NEW RESEARCH
FINDINGS
A scale for rating conversational impairment
de Villiers J, Fine J, Ginsberg G, Vaccarella L, Szatmari P
Journal of Autism and Developmental Disorders
Published online November 2, 2006
This paper presents a scale for assessing conversation skills in individuals with Autism Spectrum Disorder (ASD). Based on semi-structured conversations of 47 youths with high-functioning autism and Asperger Syndrome, the paper describes 5 areas of conversational difficulty for speakers with ASD: atypical intonation; semantic drift; terseness; pedantic speech; and perseveration. The scale may be a useful initial tool for assessing the pragmatics of conversation in ASD and for evaluating change in conversation skills over time.
Abstract
There are few well-standardized measures of conversational breakdown in Autism Spectrum Disorders (ASD). The study’s objective was to develop a scale for measuring pragmatic impairments in conversations of individuals with ASD. We analyzed 46 semi-structured conversations of children and adolescents with high-functioning ASD using a functional linguistic paradigm. Five constructs were developed that assessed difficulties related to the pragmatics of conversation: atypical intonation; semantic drift; terseness; pedantic speech; perseveration. The scale shows good inter-rater reliability and variation in the scales is not simply a reflection of IQ or language competence. This tool represents a way of characterizing language use in ASD and is an initial step towards developing a tool to evaluate change in degree of social impairments in conversation.
Introduction
There are few reliable, validated rating scales to measure conversational impairments in Autism Spectrum Disorders (ASD). Some scales assess pragmatic difficulties qualitatively (e.g., Ghaziuddin & Gerstein, 1996; Bishop, 1998), but do not look at ASD specifically nor incorporate the range of aspects of conversational impairment that appear possible. Ghaziuddin and Gerstein’s (1996) scale looks at the presence of pedantic speech in Asperger Syndrome. It is mainly derived from clinical observations and from concepts in the field of conversation analysis (e.g., Grice’s maxims, Grice, 1975). Bishop’s Children’s Communication Checklist (CCC) (Bishop, 1998) assesses aspects of impairment in social communication, incorporating items concerned with social relations and restricted interests. However, the CCC is a parent–teacher report measure, lacks a clinician report component and is not specific to ASD. Tools that are specific to ASD are needed to evaluate the degree of impairment and to measure change in the context of natural history and treatment. In this paper, we use a descriptive linguistic technique to develop a list of measures specific to ASD for assessing conversational difficulties.
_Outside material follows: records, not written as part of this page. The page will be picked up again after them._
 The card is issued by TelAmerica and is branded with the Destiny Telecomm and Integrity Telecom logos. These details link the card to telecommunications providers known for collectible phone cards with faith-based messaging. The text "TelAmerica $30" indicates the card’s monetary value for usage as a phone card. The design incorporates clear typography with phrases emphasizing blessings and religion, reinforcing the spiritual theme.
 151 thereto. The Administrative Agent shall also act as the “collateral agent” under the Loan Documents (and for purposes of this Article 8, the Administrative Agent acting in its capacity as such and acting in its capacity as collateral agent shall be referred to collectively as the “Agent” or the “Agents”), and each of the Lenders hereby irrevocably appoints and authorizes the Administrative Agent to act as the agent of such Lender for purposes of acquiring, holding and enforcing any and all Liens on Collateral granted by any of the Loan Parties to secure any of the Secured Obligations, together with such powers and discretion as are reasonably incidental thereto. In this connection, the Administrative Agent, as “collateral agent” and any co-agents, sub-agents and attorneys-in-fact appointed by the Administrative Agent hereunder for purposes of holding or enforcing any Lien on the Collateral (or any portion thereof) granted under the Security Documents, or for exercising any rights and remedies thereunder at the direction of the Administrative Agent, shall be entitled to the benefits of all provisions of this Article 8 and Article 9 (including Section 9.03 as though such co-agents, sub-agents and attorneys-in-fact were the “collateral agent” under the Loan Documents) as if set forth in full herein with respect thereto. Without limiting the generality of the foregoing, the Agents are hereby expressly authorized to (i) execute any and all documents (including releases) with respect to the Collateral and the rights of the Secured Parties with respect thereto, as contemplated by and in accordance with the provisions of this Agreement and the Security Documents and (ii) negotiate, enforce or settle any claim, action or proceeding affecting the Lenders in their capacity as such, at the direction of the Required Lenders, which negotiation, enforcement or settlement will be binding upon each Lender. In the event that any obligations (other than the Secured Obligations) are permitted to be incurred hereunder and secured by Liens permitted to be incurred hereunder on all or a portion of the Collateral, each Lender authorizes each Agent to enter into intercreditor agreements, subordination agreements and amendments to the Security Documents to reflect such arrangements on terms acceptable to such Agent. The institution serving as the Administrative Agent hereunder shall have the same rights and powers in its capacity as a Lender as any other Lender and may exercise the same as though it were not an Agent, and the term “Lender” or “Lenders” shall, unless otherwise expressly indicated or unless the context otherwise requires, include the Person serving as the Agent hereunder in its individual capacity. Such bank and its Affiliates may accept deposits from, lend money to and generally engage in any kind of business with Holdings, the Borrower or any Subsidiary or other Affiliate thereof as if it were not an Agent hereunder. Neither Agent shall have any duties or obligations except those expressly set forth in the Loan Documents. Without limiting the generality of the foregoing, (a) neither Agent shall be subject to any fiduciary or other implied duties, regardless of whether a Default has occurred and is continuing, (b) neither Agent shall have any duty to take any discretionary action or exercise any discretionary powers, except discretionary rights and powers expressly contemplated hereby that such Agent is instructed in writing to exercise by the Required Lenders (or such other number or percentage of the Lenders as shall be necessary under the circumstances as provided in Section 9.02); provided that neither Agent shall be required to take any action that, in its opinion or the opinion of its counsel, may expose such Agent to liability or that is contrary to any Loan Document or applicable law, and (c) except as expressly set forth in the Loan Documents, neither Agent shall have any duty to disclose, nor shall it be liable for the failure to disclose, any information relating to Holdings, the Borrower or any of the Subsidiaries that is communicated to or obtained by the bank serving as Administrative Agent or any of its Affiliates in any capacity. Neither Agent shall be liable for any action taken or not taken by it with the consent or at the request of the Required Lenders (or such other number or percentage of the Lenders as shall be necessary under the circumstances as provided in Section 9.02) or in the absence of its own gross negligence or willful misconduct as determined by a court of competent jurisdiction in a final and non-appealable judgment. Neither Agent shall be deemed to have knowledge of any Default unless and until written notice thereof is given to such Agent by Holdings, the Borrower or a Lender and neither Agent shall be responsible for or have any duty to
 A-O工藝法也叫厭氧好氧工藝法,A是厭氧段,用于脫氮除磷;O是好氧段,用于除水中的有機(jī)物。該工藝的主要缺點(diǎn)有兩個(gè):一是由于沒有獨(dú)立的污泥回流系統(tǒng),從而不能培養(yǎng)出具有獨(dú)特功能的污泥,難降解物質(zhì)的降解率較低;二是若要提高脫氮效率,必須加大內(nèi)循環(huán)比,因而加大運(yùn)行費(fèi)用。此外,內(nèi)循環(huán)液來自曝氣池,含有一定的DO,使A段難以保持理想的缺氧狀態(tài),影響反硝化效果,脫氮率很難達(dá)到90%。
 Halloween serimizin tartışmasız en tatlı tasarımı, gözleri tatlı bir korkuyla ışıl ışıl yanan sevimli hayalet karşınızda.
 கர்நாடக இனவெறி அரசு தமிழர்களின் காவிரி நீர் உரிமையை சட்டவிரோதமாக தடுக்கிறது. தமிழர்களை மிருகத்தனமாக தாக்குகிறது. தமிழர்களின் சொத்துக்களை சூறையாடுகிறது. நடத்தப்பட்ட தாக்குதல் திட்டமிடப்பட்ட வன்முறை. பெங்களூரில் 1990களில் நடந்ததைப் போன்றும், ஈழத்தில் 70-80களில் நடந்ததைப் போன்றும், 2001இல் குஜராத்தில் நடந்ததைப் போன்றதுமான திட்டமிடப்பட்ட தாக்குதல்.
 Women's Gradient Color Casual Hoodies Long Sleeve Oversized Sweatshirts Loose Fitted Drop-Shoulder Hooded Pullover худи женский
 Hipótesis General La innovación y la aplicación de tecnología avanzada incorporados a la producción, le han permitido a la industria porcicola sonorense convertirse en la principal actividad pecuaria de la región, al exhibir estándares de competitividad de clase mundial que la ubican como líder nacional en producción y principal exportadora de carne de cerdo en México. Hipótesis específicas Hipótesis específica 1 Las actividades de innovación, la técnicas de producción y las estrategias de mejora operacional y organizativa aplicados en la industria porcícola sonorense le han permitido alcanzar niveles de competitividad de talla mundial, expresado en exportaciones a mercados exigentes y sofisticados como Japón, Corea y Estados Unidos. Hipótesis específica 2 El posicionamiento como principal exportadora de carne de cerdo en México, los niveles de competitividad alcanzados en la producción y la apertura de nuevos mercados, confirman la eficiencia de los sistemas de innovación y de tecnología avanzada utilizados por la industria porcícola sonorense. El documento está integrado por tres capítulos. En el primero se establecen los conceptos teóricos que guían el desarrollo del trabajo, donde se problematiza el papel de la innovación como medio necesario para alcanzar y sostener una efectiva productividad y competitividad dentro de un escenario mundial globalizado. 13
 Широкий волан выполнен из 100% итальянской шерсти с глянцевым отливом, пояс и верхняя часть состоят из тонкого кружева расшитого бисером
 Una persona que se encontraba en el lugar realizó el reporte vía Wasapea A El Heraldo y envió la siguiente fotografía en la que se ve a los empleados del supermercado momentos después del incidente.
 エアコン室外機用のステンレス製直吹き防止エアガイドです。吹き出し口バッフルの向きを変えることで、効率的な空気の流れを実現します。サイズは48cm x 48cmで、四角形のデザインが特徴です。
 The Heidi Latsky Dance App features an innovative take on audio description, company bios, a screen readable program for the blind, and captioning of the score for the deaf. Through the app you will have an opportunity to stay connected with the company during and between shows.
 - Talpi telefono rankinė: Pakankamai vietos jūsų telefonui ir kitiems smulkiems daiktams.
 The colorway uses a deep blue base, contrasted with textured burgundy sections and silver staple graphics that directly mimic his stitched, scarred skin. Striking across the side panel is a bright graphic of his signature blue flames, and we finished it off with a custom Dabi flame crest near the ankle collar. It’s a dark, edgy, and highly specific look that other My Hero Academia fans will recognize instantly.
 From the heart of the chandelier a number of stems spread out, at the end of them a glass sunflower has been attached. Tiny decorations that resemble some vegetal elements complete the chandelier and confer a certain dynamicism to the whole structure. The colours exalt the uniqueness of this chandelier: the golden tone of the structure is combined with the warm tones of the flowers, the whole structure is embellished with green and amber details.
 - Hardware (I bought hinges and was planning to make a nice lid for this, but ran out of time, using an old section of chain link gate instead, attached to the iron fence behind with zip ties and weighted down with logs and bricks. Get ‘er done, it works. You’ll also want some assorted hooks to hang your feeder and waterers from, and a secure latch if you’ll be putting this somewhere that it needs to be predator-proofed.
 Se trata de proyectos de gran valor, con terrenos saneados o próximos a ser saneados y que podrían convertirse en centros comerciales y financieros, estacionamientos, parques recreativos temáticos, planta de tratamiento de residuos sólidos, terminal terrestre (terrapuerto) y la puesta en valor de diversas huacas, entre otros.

The paper presents a simple to use and reliable measure of linguistic communication. We look at both high-functioning autism and Asperger Syndrome to allow for sufficient coverage and variation, we assess inter-rater reliability, and we estimate correlations with standard measures of IQ and language skills.
Methods
Participants:
There were 46 participants in total. All had fluent language abilities. Thirty-eight participants came from a follow-up study of children with high-functioning autism and Asperger Syndrome and eight were added to this sample to increase sample size for the reliability analysis. The group of 46 consisted of children: age range 124–164 months, mean 142 months, SD = 10.7; Leiter IQ (Levine, 1986) range 48–123, mean 82, SD = 20.4. Thirty-two had a diagnosis of autism, fourteen had a diagnosis of Asperger Syndrome. The age and IQs of the two groups did not differ significantly.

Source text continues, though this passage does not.